Does training improve diagnostic accuracy and inter-rater agreement in applying the Berlin radiographic definition of acute respiratory distress syndrome? A multicenter prospective study

Jin-Min Peng, Chuan-Yun Qian, Xiang-You Yu, Ming-Yan Zhao, Shu-Sheng Li, Xiao-Chun Ma, Yan Kang, Fa-Chun Zhou, Zhen-Yang He, Tie-He Qin, Yong-Jie Yin, Li Jiang, Zhen-Jie Hu, Ren-Hua Sun, Jian-Dong Lin, Tong Li, Da-Wei Wu, You-Zhong An, Yu-Hang Ai, Li-Hua Zhou, Xiang-Yuan Cao, Xi-Jing Zhang, Rong-Qing Sun, Er-Zhen Chen, Bin Du, China Critical Care Clinical Trial Group (CCCCTG), Jin-Min Peng, Chuan-Yun Qian, Xiang-You Yu, Ming-Yan Zhao, Shu-Sheng Li, Xiao-Chun Ma, Yan Kang, Fa-Chun Zhou, Zhen-Yang He, Tie-He Qin, Yong-Jie Yin, Li Jiang, Zhen-Jie Hu, Ren-Hua Sun, Jian-Dong Lin, Tong Li, Da-Wei Wu, You-Zhong An, Yu-Hang Ai, Li-Hua Zhou, Xiang-Yuan Cao, Xi-Jing Zhang, Rong-Qing Sun, Er-Zhen Chen, Bin Du, China Critical Care Clinical Trial Group (CCCCTG)

Abstract

Background: Poor inter-rater reliability in chest radiograph interpretation has been reported in the context of acute respiratory distress syndrome (ARDS), although not for the Berlin definition of ARDS. We sought to examine the effect of training material on the accuracy and consistency of intensivists' chest radiograph interpretations for ARDS diagnosis.

Methods: We conducted a rater agreement study in which 286 intensivists (residents 41.3%, junior attending physicians 35.3%, and senior attending physician 23.4%) independently reviewed the same 12 chest radiographs developed by the ARDS Definition Task Force ("the panel") before and after training. Radiographic diagnoses by the panel were classified into the consistent (n = 4), equivocal (n = 4), and inconsistent (n = 4) categories and were used as a reference. The 1.5-hour training course attended by all 286 intensivists included introduction of the diagnostic rationale, and a subsequent in-depth discussion to reach consensus for all 12 radiographs.

Results: Overall diagnostic accuracy, which was defined as the percentage of chest radiographs that were interpreted correctly, improved but remained poor after training (42.0 ± 14.8% before training vs. 55.3 ± 23.4% after training, p < 0.001).

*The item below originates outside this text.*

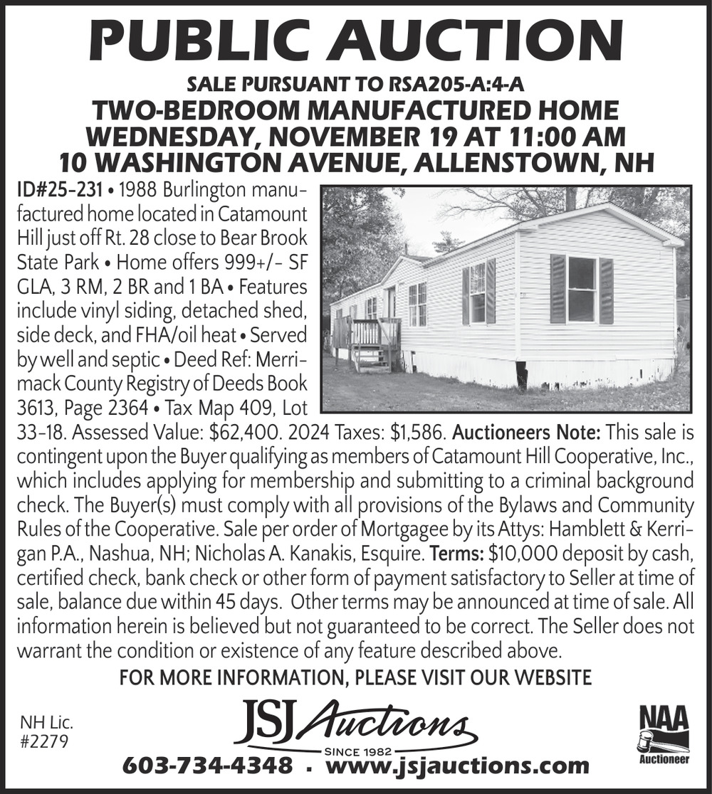 Oct 25, 2025. JSJ Auctions Auction Ads from Concord Monitor

Diagnostic sensitivity and specificity improved after training for all diagnostic categories (p < 0.001), with the exception of specificity for the equivocal category (p = 0.883). Diagnostic accuracy was higher for the consistent category than for the inconsistent and equivocal categories (p < 0.001). Comparisons of pre-training and post-training results revealed that inter-rater agreement was poor and did not improve after training, as assessed by overall agreement (0.450 ± 0.406 vs. 0.461 ± 0.575, p = 0.792), Fleiss's kappa (0.133 ± 0.575 vs. 0.178 ± 0.710, p = 0.405), and intraclass correlation coefficient (ICC; 0.219 vs. 0.276, p = 0.470).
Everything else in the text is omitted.